An example of the region with a partition ABC for a tree graph. Here, B is the set of all spins in outside of the circles. In the coarse-grain procedure, the descendants of i (the spins in the dashed region) can be regarded as one large system

An important point of the above argument is that the success probability of the recovery map in lemma 9 is bounded by a constant of d(AC). In general cases, we can consider a partition ABC which cannot be reduced to 1D systems, such as depicted in Fig. 5. Remember that the success probability p is in the order \(\Omega (e^{\beta \Vert H_{B^M}\Vert })\). In the case of Fig. 5, \(H_{B^M}\) is the sum of all interactions along the perimeter of \(B^L\), which is proportional to l. When considering the repeat-until-success method, the success probability decays too rapidly, and therefore our strategy does not work.

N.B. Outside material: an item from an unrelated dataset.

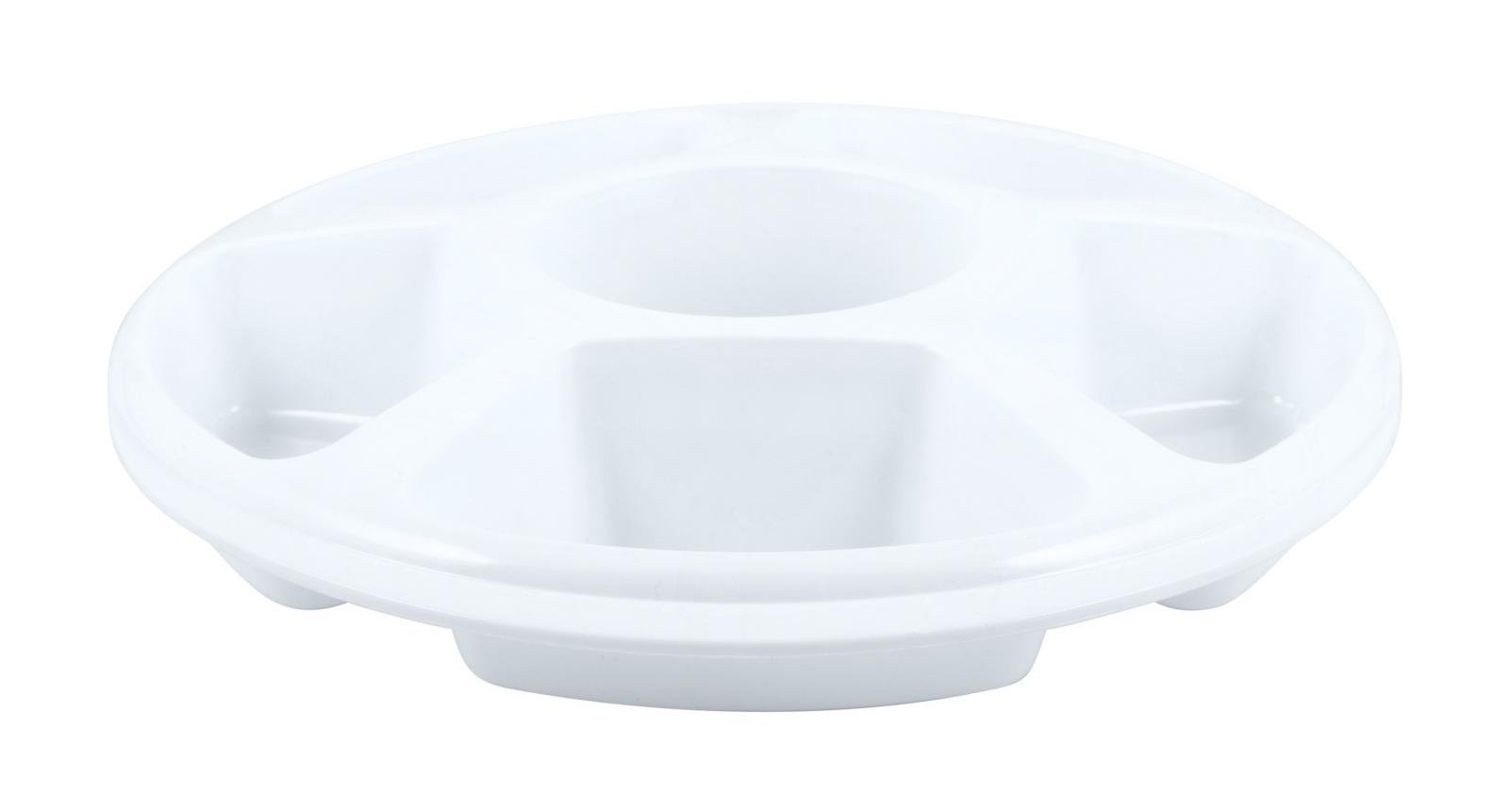 This round compartment tray is perfect for serving meals, snacks, or portioned dishes at home, parties, or events. Made from durable, food-safe plastic, it keeps different foods separate and organized, making it ideal for bulk serving, catering, or everyday use.

The quantum Hammersley–Clifford theorem holds for more general class of Markov networks such as regular D-dimensional lattices. In this case, a partition ABC of the system is chosen so that B shields A from C (Fig. 5). Due to this observation, we expect that Gibbs states of short-ranged Hamiltonians obey fast decay of the conditional mutual information in D-dimensional systems as well. We have the following conjecture:

Conjecture 1

Let \(\rho \) be a Gibbs state of a short-ranged Hamiltonian defined on a D-dimensional spin lattice. Then, there exist constants \(C, c>0\) such that for every three regions ABC with B shielding A from C,

$$\begin{aligned} I(A:C|B)_\rho \le C e^{-cd(A,C)}. \end{aligned}$$

Note that when \(D=1\), this conjecture gives an improved bound. It turns out that the area law for mutual information implies a weak version of the conjecture, as discussed in Sect. 2.3. Consider a Gibbs state in the infinite volume limit (as a KMS state). Let A be a region of the lattice and \(B_l\) be a ring around A of width l. Then, because of the area law [14], for every \(\varepsilon >0\) there is an integer l s.t.

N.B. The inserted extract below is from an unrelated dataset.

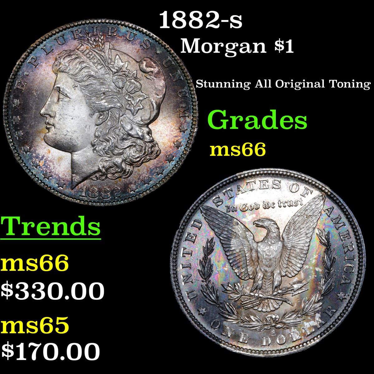1882-s Stunning All Original Toning . Morgan Dollar $1 Grades GEM+ Unc. A Corey's Pick

$$\begin{aligned} I(A:B_{l+1}) - I(A:B_l) \le \varepsilon , \end{aligned}$$

which can be written as

$$\begin{aligned} I(A:C|B_{l}) \le \varepsilon , \end{aligned}$$

with \(C := B_{l+1} \backslash B_{l}\).

Fig. 5
figure 5

An example of a 2D lattice with a partition ABC. We expect that the conditional mutual information \(I(A:C|B)_\rho \) for any Gibbs state decays fast with respect to d(AC)

We can also ask whether Theorem 1 can be extended to higher dimensions, i.e. is any state on a D-dim lattice with small I(A : C|B) for B shielding A from C close to thermal? As displayed in Theorem 2, we may need additional conditions for general graphs. Although we do not know any counter-example, we also could not find any partial result whether the additional conditions in those theorems are necessary.